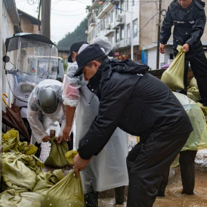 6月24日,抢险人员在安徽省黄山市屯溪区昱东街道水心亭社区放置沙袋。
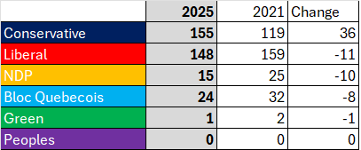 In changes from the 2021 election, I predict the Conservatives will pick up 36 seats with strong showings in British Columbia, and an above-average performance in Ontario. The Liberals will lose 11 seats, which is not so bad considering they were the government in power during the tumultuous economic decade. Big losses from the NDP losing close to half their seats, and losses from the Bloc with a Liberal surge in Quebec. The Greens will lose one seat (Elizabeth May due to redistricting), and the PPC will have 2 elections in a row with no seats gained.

...

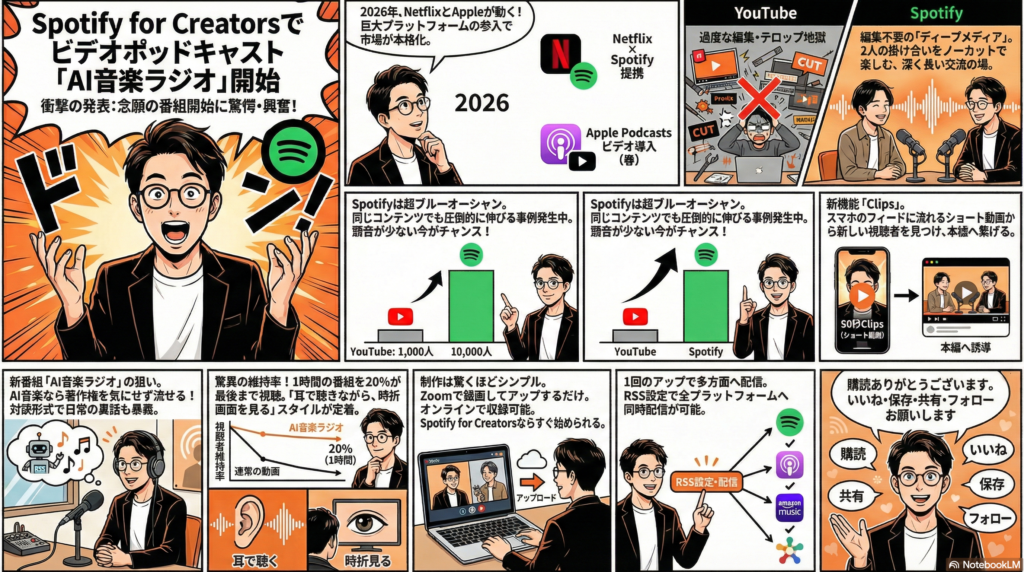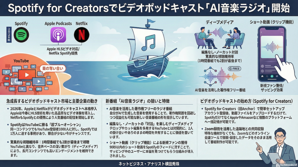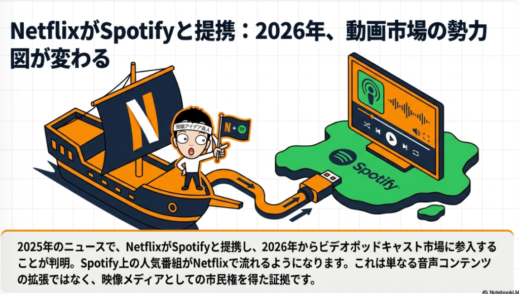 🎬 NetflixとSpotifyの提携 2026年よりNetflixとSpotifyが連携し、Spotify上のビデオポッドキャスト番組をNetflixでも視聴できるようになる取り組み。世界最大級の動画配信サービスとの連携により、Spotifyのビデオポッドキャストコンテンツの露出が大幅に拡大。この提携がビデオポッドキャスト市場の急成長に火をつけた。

Exercise goal »
For this task, return exactly the stretch of the listing above from the line with "6月24日,抢险人员在安徽省黄山市屯溪区昱东街道水心亭社区放置沙袋。" through the line with "In changes from", inclusive and without pictures.

Reply to the task »
 6月24日,抢险人员在安徽省黄山市屯溪区昱东街道水心亭社区放置沙袋。
 In changes from the 2021 election, I predict the Conservatives will pick up 36 seats with strong showings in British Columbia, and an above-average performance in Ontario. The Liberals will lose 11 seats, which is not so bad considering they were the government in power during the tumultuous economic decade. Big losses from the NDP losing close to half their seats, and losses from the Bloc with a Liberal surge in Quebec. The Greens will lose one seat (Elizabeth May due to redistricting), and the PPC will have 2 elections in a row with no seats gained.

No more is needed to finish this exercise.